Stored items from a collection
■ ■ ■ ■
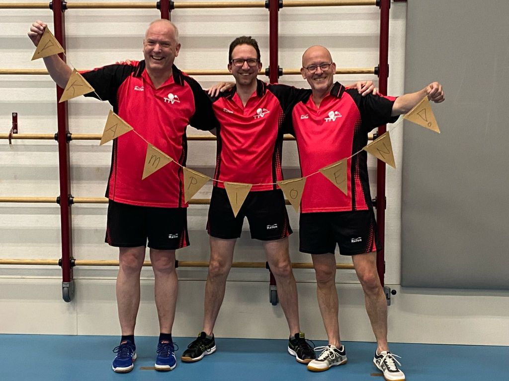 Jaap, Joop A en Norbert speelden thuis tegen Play Fair 1 uit Leimuiden. Een wedstrijd waarvan de mannen tevoren bedacht hadden dat wel wat mogelijk zou moeten zijn. Jaap en Joop begonnen dan ook voortvarend, waarbij Jaap zijn eerste partij in vijf games won en waar Joop er vier nodig had. Norbert wilde niet onderdoen voor zijn teamgenoten, maar verslikte zich in zijn eerste partij door er in drie games niet aan te pas te komen. Dat bleek het begin van een slechte reeks te zijn, want daarna ging de dubbel verloren voor Joop en Norbert in drie games en gingen Jaap en Joop elk in vier games onderuit. Waarna het dus na zes games 2-4 stond voor de gasten uit Leimuiden. Voor Norbert het signaal om alle schroom van zich af te gooien. In de zevende partij rekende hij gedecideerd in vier games af met zijn Leimuidense tegenstandster. Joop had de stand gelijk kunnen trekken, maar ging onderuit in drie pittige games. Norbert en Jaap lieten het er niet bij zitten. Tot op het bot gemotiveerd werden de laatste twee partijen in vijf zware games in Reeuwijks voordeel beslist. Daarmee eindigde Reeuwijk 3 tegen Play Fair1 in een mooie 5-5. Dit heeft evenwel tot gevolg dat Reeuwijk 3 in West 5D, ondanks de 5 punten van deze wedstrijd, onderaan staat met 14 punten uit wedstrijden.
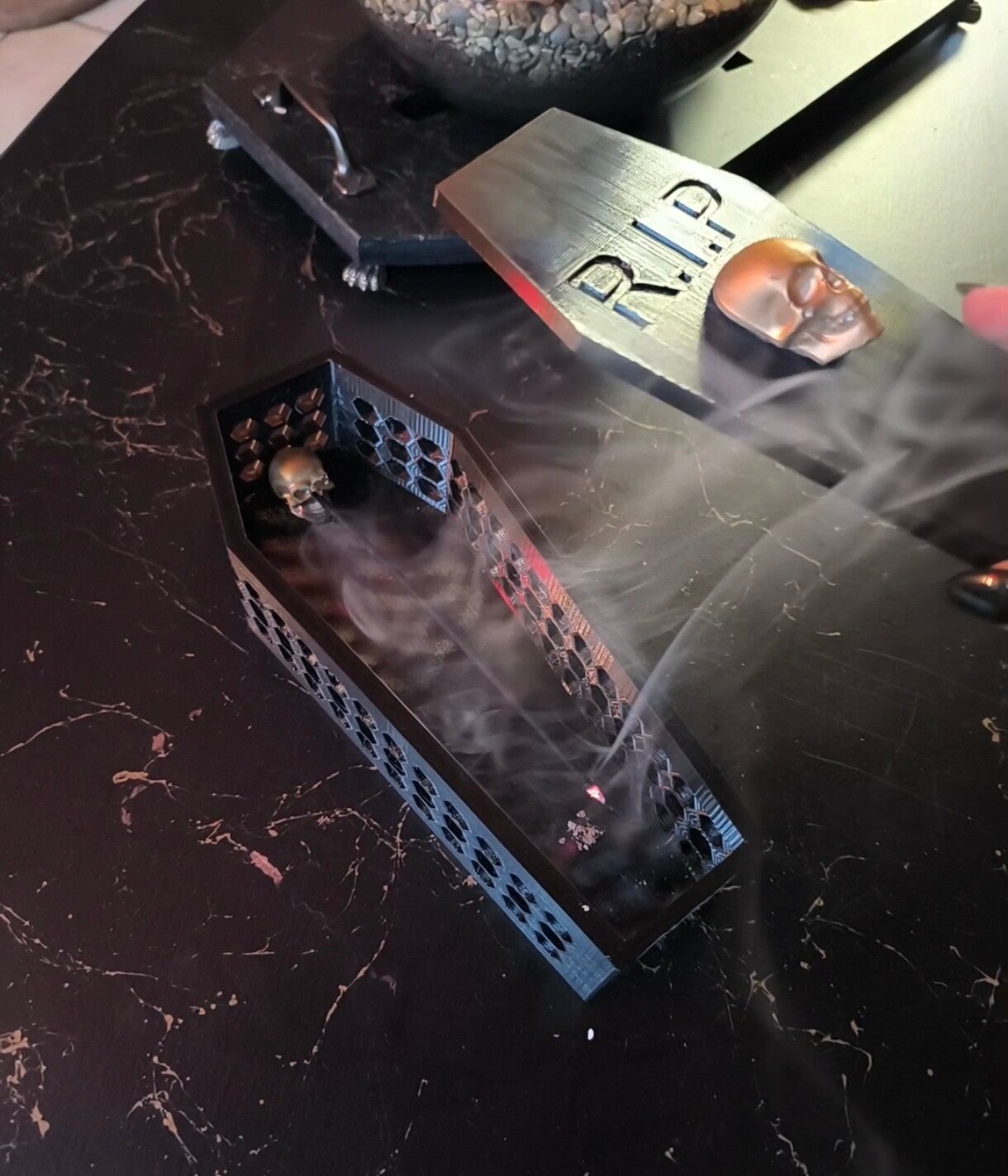 Wierook word in skull geplaatst, deksel dicht
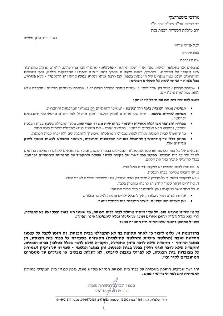 מכתב הרב י"ב סיון (4/6) – בתי כנסת והתנהלות
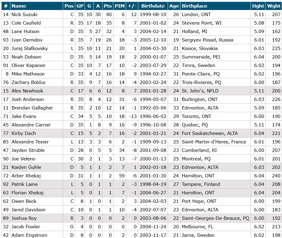 It’s nice to see a team a few times within 10 days to learn more about them. Fowler definitely looks like he will live up to the hype (though as pointed out in the recap, so far he’s had two great outings against the Pens and then not been sharp in his other starts. Annoying!). Suzuki and Caufield are masters. Slafkovsky has impressed scoring a goal in both MTL/PIT games.Demidov has been good in his rookie season, but was very quiet last night. No shot attempts in only 14:21 of ice time during a comfortable win. It’ll be interesting to see what kind of rookie wall he hits, if one at all.Montreal adding Danault back in a trade, for the cost of only a second round pick, looks like a great move for them to make. Danault’s point production can be hit or miss but he is a very reliable checking center and good away from the puck. The Canadiens have enough firepower and guys who can take care of the offense, they could use a player with Danault’s skillset to boost them down the middle.
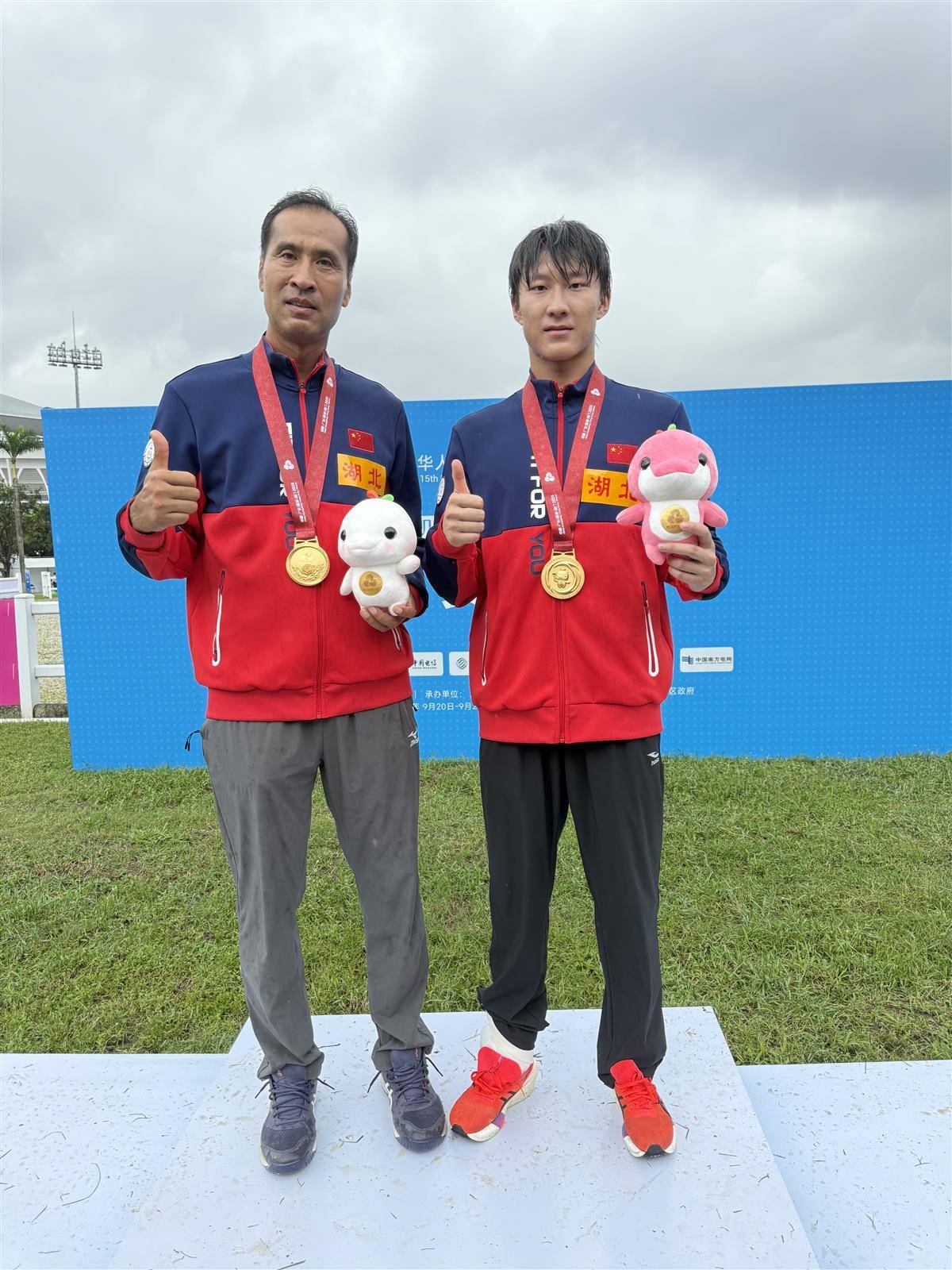 陳柏良和教練張光濤(左)登上冠軍領獎臺。(湖北日報通訊員 熊漢 攝)
■ ■ ■ ■
PROBLEM
Each line from the first line of the entries through the line containing "בתי כנסת והתנהלות" should be duplicated word for word, and nothing more; the pictures stay out.

RESULT
 Jaap, Joop A en Norbert speelden thuis tegen Play Fair 1 uit Leimuiden. Een wedstrijd waarvan de mannen tevoren bedacht hadden dat wel wat mogelijk zou moeten zijn. Jaap en Joop begonnen dan ook voortvarend, waarbij Jaap zijn eerste partij in vijf games won en waar Joop er vier nodig had. Norbert wilde niet onderdoen voor zijn teamgenoten, maar verslikte zich in zijn eerste partij door er in drie games niet aan te pas te komen. Dat bleek het begin van een slechte reeks te zijn, want daarna ging de dubbel verloren voor Joop en Norbert in drie games en gingen Jaap en Joop elk in vier games onderuit. Waarna het dus na zes games 2-4 stond voor de gasten uit Leimuiden. Voor Norbert het signaal om alle schroom van zich af te gooien. In de zevende partij rekende hij gedecideerd in vier games af met zijn Leimuidense tegenstandster. Joop had de stand gelijk kunnen trekken, maar ging onderuit in drie pittige games. Norbert en Jaap lieten het er niet bij zitten. Tot op het bot gemotiveerd werden de laatste twee partijen in vijf zware games in Reeuwijks voordeel beslist. Daarmee eindigde Reeuwijk 3 tegen Play Fair1 in een mooie 5-5. Dit heeft evenwel tot gevolg dat Reeuwijk 3 in West 5D, ondanks de 5 punten van deze wedstrijd, onderaan staat met 14 punten uit wedstrijden.
 Wierook word in skull geplaatst, deksel dicht
 מכתב הרב י"ב סיון (4/6) – בתי כנסת והתנהלות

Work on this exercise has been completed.